[WHAT TO DO]
Any picture in the data below gets skipped; print all the rest exactly.

[MATERIAL FOR THE TASK]
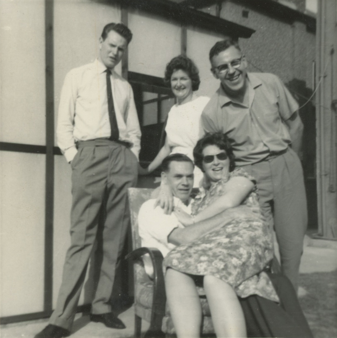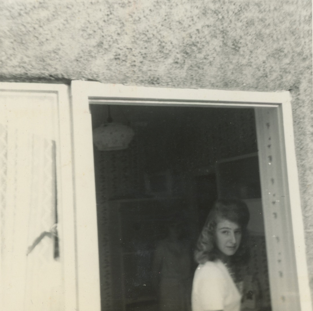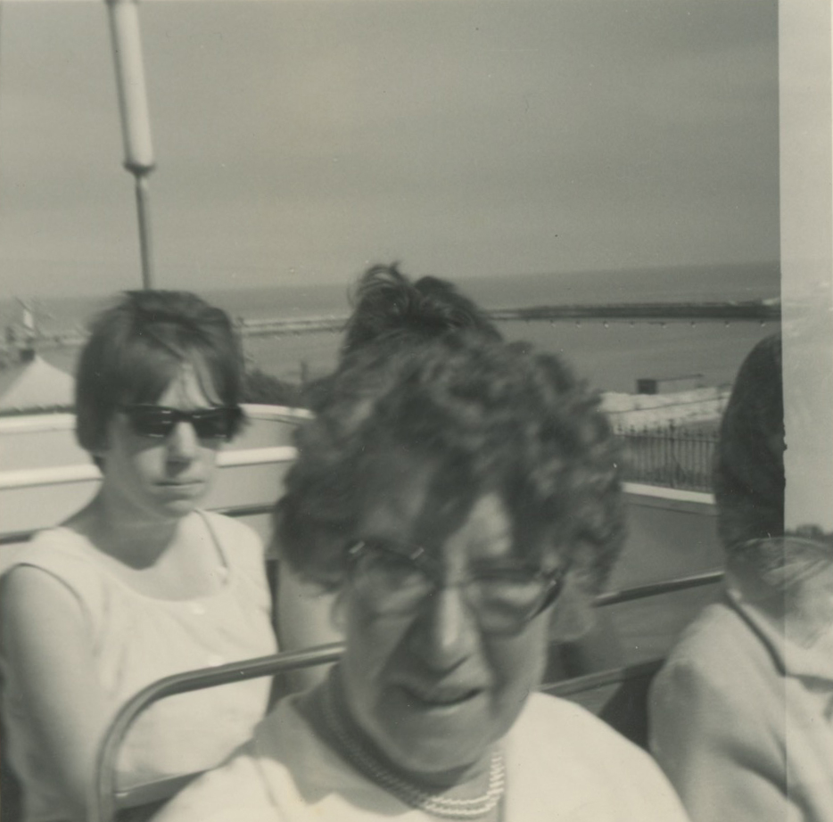 A number of the photos show someone who thinks about light, and culture. There is a photo shoot in the back garden where he uses his sister, Janis, as muse. One shot is composed so that Janis’s silhouette forms neatly on the white shed door. Another photo taken on the same day, entitled ‘Janis in Backdoor’, betrays the influence of ‘Continental’ cinema beloved by proto-Mods of this era – he is wearing two-tone Mod shoes and jeans in the Hawaiian/Mexican-themed Butlins’ souvenir photo, a shot in which ‘Ma and Pa’ can be seen smoking. There are several shots of ‘Dozy Dave’. Dave may have been the photographer’s brother, but more likely the family lodger. Dave is no muse – his attitude throughout is one of grudging forbearance. Or perhaps there was a little Mod/Rocker needle. There is one shot that could only have been taken by a 15-year-old boy, entitled ‘Mum and Nan coming out of the ladies’ and sadly out of focus.
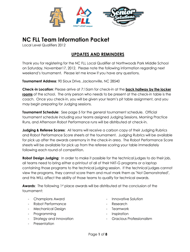 Get the free NC FLL Team Information Packet
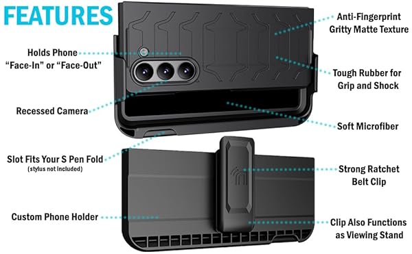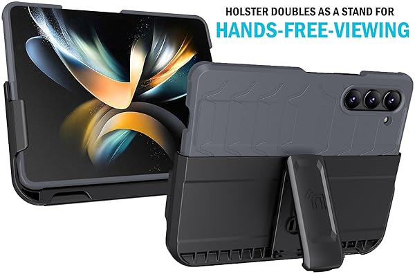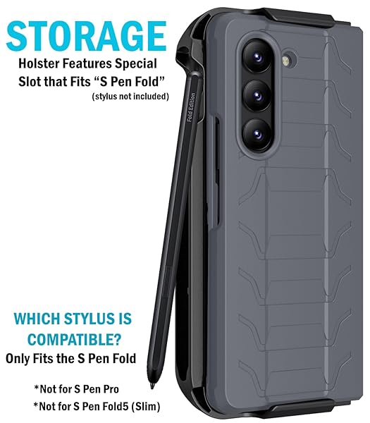 - Case with Clip and S Pen Slot for Galaxy Z Fold 5 5G, Nakedcellphone Tactical Cover and Custom Belt Hip Holster Holder View Stand Combo for Samsung Z Fold5 Phone (SM-F946U, 2023) - Storm Gray with reliable performance and quality- The ULTIMATE Accessory Combination for Your Samsung Galaxy Z Fold 5: Protective Case + Multifunction Holster Belt Clip- RUGGED HYBRID CASE: The Special Ops Case is Like [TACTICAL BODY ARMOR] for your Samsung Galaxy Z Fold 5 Phone. CoMolding Techno
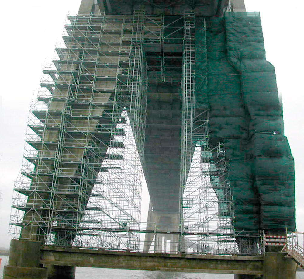The singularity or complexity of this job was grounded in the changing section of each one of the side towers comprising the pier. Thanks to the versatility of the BRIO Multidirectional Scaffolding, the project solution was feasible.
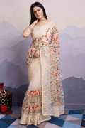 Off White colored style saree is made from net fabric which is highlighted floral embroidered as shown comes along unstitched georgette blouse piece which you can customize as per your design/style. Occasion - You can wear this saree for party and festive. Note:- The actual product may differ slightly in color and design from the one illustrated in the images when compared with computer or mobile screen.

[ANSWER TO THE EXERCISE]
 A number of the photos show someone who thinks about light, and culture. There is a photo shoot in the back garden where he uses his sister, Janis, as muse. One shot is composed so that Janis’s silhouette forms neatly on the white shed door. Another photo taken on the same day, entitled ‘Janis in Backdoor’, betrays the influence of ‘Continental’ cinema beloved by proto-Mods of this era – he is wearing two-tone Mod shoes and jeans in the Hawaiian/Mexican-themed Butlins’ souvenir photo, a shot in which ‘Ma and Pa’ can be seen smoking. There are several shots of ‘Dozy Dave’. Dave may have been the photographer’s brother, but more likely the family lodger. Dave is no muse – his attitude throughout is one of grudging forbearance. Or perhaps there was a little Mod/Rocker needle. There is one shot that could only have been taken by a 15-year-old boy, entitled ‘Mum and Nan coming out of the ladies’ and sadly out of focus.
 Get the free NC FLL Team Information Packet
 - Case with Clip and S Pen Slot for Galaxy Z Fold 5 5G, Nakedcellphone Tactical Cover and Custom Belt Hip Holster Holder View Stand Combo for Samsung Z Fold5 Phone (SM-F946U, 2023) - Storm Gray with reliable performance and quality- The ULTIMATE Accessory Combination for Your Samsung Galaxy Z Fold 5: Protective Case + Multifunction Holster Belt Clip- RUGGED HYBRID CASE: The Special Ops Case is Like [TACTICAL BODY ARMOR] for your Samsung Galaxy Z Fold 5 Phone. CoMolding Techno
The singularity or complexity of this job was grounded in the changing section of each one of the side towers comprising the pier. Thanks to the versatility of the BRIO Multidirectional Scaffolding, the project solution was feasible.
 Off White colored style saree is made from net fabric which is highlighted floral embroidered as shown comes along unstitched georgette blouse piece which you can customize as per your design/style. Occasion - You can wear this saree for party and festive. Note:- The actual product may differ slightly in color and design from the one illustrated in the images when compared with computer or mobile screen.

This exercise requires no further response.